Бабушка вернула сверток на место и возвратилась к себе в комнату в загадочном молчании. Ей было о чем подумать. И первое, что приходило на ум, – как было бы славно навсегда избавиться от Леопольда, но при этом сохранить себе его червонцы. Просто так, на память о человеке.
За этими мыслями бабушка провела целых два дня, а потом поняла, что знает, как ей нужно действовать.
Глава 3
Жизнь в семье Сила и Арины Казюлиных после инцидента с пропавшим фотоальбомом и нашедшейся фотографии с Петрушкой потихоньку налаживалась. И даже когда Арина обнаружила, что в ее мышином домике вместо десяти мышек осталось только девять, она и тогда волевым усилием сдержалась и не устроила мужу разнос.
Вместо этого она посадила перед собой Барсика и учинила допрос ему:
– Признавайся, ты уговорил хозяина, чтобы он скормил тебе мышку?
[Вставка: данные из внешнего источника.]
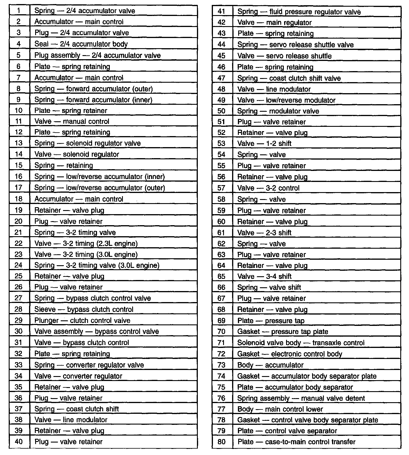 13. As necessary, disassemble the parts of the accumulator body and main control valve body assemblies.
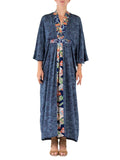 MORPHEW COLLECTION Dusty Blue Floral & Uchiwa Print Japanese Kimono Silk Kaftan

Но Барсик лишь широко открывал глаза и признаваться ни в чем таком не желал. Не было, не видел, не знаю.
– Ну и как? – пыталась схитрить и зайти с другой стороны Арина. – Вкусная была мышка? А кто из вас выбирал, какую именно ты будешь есть? Хозяин или ты сам лапкой указал?
Болтая с котенком, Арина пристально разглядывала его шерсть, мордочку и усы. Нет, нигде не было видно ни малейшего свидетельства об учиненном преступлении. Ни белой шерстинки, ни капли крови. Вроде бы Барсик был и ни при чем, но мышка-то исчезла.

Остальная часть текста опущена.